TASK GOAL —
Only one stretch of the data below is wanted: the lines starting at the one with "尽管全球有11亿人讲普通话,但是高达96" and ending at the one with "青色の半袖ポロシャツ、肩幅37cm、着丈50cm。", both included, given again exactly.

RECORDS FOR THE EXERCISE —
■ ■ ■ ■ ■
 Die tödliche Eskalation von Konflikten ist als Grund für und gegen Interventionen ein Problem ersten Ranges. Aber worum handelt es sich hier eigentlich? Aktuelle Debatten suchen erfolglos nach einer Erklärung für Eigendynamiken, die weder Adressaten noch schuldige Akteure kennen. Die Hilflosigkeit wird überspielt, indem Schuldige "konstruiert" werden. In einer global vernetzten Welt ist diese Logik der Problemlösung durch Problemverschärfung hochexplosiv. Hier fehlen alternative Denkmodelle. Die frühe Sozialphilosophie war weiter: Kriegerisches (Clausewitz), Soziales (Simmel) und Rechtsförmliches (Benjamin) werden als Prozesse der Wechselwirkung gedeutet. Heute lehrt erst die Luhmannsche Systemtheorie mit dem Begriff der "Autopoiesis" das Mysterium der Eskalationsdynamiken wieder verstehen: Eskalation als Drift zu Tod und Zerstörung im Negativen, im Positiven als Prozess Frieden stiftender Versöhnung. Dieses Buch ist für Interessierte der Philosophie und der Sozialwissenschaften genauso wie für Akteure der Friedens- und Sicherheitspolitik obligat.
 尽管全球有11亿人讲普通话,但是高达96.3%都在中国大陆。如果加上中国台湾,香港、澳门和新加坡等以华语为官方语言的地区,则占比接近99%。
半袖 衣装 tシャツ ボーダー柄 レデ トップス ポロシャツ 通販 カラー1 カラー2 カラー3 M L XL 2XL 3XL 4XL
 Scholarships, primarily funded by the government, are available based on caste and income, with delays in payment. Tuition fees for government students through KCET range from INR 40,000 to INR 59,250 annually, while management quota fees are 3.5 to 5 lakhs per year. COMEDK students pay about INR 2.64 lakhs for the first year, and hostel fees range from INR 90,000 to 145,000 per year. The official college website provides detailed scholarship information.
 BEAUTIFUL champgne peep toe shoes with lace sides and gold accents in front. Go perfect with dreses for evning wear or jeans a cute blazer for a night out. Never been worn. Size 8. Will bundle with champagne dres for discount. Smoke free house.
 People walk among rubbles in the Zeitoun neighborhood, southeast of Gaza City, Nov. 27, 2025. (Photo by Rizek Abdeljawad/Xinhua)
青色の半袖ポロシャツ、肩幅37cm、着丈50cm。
■ ■ ■ ■ ■
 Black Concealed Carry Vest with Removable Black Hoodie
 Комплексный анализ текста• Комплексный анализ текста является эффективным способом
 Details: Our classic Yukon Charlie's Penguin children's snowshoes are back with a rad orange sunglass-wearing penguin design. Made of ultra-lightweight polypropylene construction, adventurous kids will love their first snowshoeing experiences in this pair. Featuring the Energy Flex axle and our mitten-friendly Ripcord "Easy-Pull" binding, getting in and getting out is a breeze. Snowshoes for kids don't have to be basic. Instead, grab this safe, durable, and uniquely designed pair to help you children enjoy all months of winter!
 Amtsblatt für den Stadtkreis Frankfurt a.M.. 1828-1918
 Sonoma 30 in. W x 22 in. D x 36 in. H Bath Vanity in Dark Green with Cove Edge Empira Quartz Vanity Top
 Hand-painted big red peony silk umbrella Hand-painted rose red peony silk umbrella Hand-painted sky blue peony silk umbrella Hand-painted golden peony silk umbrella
■ ■ ■ ■ ■
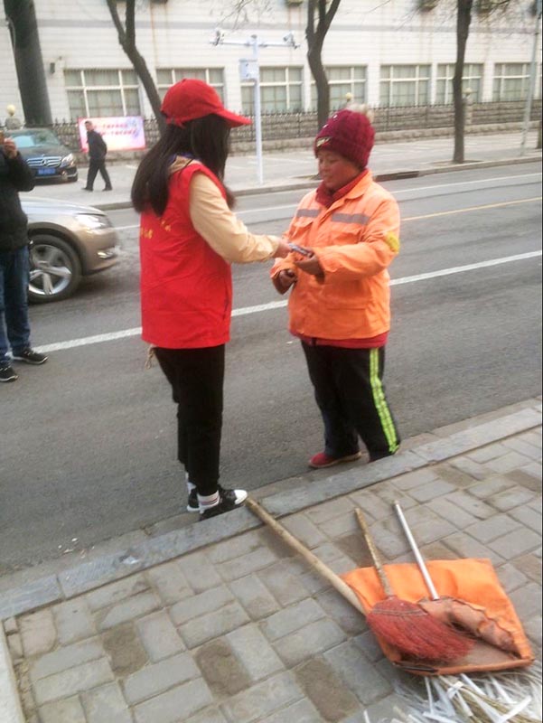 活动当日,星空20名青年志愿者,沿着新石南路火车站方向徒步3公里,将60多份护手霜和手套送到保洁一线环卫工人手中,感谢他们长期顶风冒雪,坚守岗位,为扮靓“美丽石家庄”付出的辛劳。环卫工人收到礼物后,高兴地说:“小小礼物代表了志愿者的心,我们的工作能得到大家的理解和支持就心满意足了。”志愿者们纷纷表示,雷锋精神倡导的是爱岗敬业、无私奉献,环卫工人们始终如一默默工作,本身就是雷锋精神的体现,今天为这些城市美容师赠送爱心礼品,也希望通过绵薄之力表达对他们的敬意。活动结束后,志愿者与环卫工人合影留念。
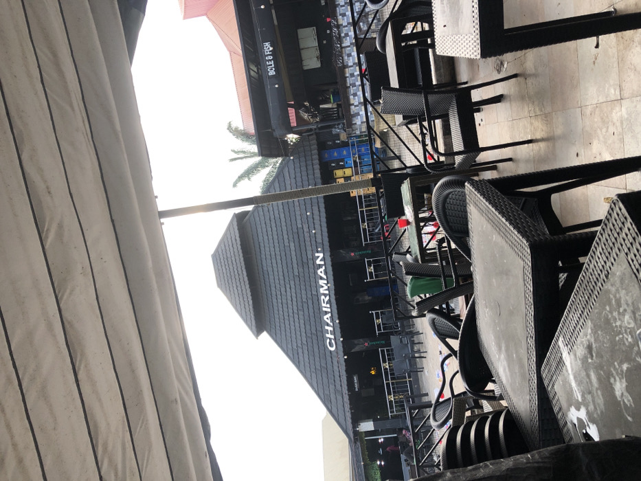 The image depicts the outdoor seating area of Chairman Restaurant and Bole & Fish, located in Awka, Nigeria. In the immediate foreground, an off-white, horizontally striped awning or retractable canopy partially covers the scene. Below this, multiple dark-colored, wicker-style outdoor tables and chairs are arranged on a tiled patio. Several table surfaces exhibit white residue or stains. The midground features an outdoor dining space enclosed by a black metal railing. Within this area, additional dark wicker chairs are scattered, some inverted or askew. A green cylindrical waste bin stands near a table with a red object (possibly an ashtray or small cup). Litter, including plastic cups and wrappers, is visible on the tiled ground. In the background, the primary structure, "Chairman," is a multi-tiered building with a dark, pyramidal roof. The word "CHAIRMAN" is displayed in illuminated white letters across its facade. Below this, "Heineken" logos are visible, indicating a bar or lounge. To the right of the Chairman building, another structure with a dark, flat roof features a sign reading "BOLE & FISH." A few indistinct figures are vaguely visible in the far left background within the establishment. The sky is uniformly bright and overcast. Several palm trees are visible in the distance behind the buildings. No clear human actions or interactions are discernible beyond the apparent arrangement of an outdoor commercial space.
■ ■ ■ ■ ■
ANSWER SPACE —
 尽管全球有11亿人讲普通话,但是高达96.3%都在中国大陆。如果加上中国台湾,香港、澳门和新加坡等以华语为官方语言的地区,则占比接近99%。
半袖 衣装 tシャツ ボーダー柄 レデ トップス ポロシャツ 通販 カラー1 カラー2 カラー3 M L XL 2XL 3XL 4XL
 Scholarships, primarily funded by the government, are available based on caste and income, with delays in payment. Tuition fees for government students through KCET range from INR 40,000 to INR 59,250 annually, while management quota fees are 3.5 to 5 lakhs per year. COMEDK students pay about INR 2.64 lakhs for the first year, and hostel fees range from INR 90,000 to 145,000 per year. The official college website provides detailed scholarship information.
 BEAUTIFUL champgne peep toe shoes with lace sides and gold accents in front. Go perfect with dreses for evning wear or jeans a cute blazer for a night out. Never been worn. Size 8. Will bundle with champagne dres for discount. Smoke free house.
 People walk among rubbles in the Zeitoun neighborhood, southeast of Gaza City, Nov. 27, 2025. (Photo by Rizek Abdeljawad/Xinhua)
青色の半袖ポロシャツ、肩幅37cm、着丈50cm。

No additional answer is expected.